In May 2017, Bevin hired Daniel S. Dumas, who had been a senior vice president at the Southern Baptist Theological Seminary in Louisville, for $240,000 a year plus bonuses to overhaul Kentucky’s adoption and foster care systems.
The Republican governor had called Dumas “a visionary” who will “rethink the way we do foster care in Kentucky,” but Bevin terminated Dumas’ contract last January, saying the administration “has decided to move in a different direction.”
The state legislature this year approved a measure aimed at reforming adoption and foster care, including stricter deadlines for biological parents to turn around their troubled lives or for the state to ask a judge to sever parental rights so it can permanently place children with adoptive families. Termination of parental rights could begin after a child has been in state care for any 15 of the last 48 months.
On average, the 9,034 Kentucky children who were in state care on April 1 had spent 22 months moving between three different home placements, according to state data.
The law also creates a study group that will recommend to Bevin and the legislature by July 1, 2019, whether Kentucky should completely privatize its foster care system.
The news release said the Johnsons will work with churches in the state to enhance child welfare.
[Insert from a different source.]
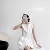 Verano 2025 Nuevo Vestido Chaleco Francés Simple Adelgazante de Cintura Blanco Francés Sin Mangas Vestido Blanco Pequeño para Mujeres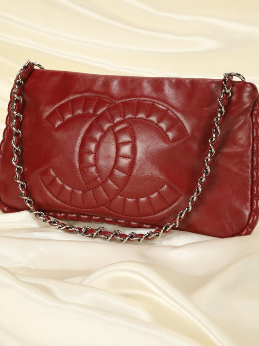 Chanel Taupe Limited Edition Accordion Pleat Lambskin Leather Shoulder Bag

Chris Johnson is the former lead pastor of Liberty Baptist Church in Clermont, Fla., where he worked for 11 years. At the church, the couple began a program to connect prospective foster and adoptive parents with child welfare agencies, the news release said.
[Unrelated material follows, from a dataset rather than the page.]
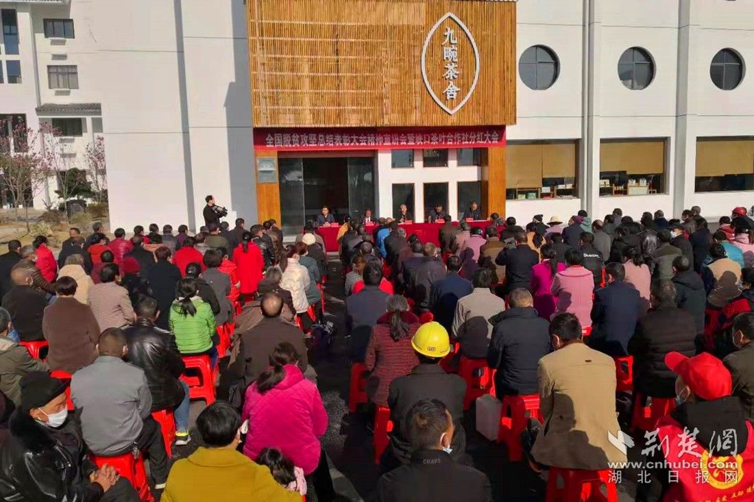 全国脱贫攻坚总结表彰大会精神宣讲会暨峡口茶叶合作社分红大会。通讯员 供图

The couple has traveled widely to give speeches about the importance of recruiting, training and supporting committed foster care parents.
He has served as president of the Board for Lake Sumter Families, a regional foster and adoptive parent association in Florida, and was on the board of the Florida State Foster and Adoptive Parent Association.
“The Johnson’s commitment to foster care and adoption reform perfectly align with the work we are doing here in Kentucky to transform our child welfare system,” said first lady Glenna Bevin in the news release. “Their experience as foster parents, coupled with their advocacy work within the faith based community, has led to a unique understanding of the challenges that exist for foster and adoptive families.
Their 10 children range in age from 24 years to eight years. Three of their children are biological and seven are adopted from the foster care system. They have fostered more than 40 children in their home, according to the news release.
“Alicia and I are excited to now be able to devote a greater level of attention toward challenging others to join us in this pursuit of being used to help change lives and toward supporting those who have answered this call and who are on the front lines of protecting and nurturing children and families,” Chris Johnson said in the news release. “We look forward to joining the wonderful team in Kentucky who clearly shares this same passion.”
Bevin and his wife have nine children. Four were adopted from Ethiopia. Their oldest biological daughter, Brittiney, died at age 17 in a 2003 car accident.
The two-year state budget the legislature passed earlier this year included $22 million for pay raises for overwhelmed social workers at the cabinet, who currently have starting salaries of $33,644 and a turnover rate of 24 percent a year. Most other state employees won’t get any pay raises. The budget also had $28 million to hire more social workers to help with growing caseloads and to replace social workers’ outdated computers and telephones.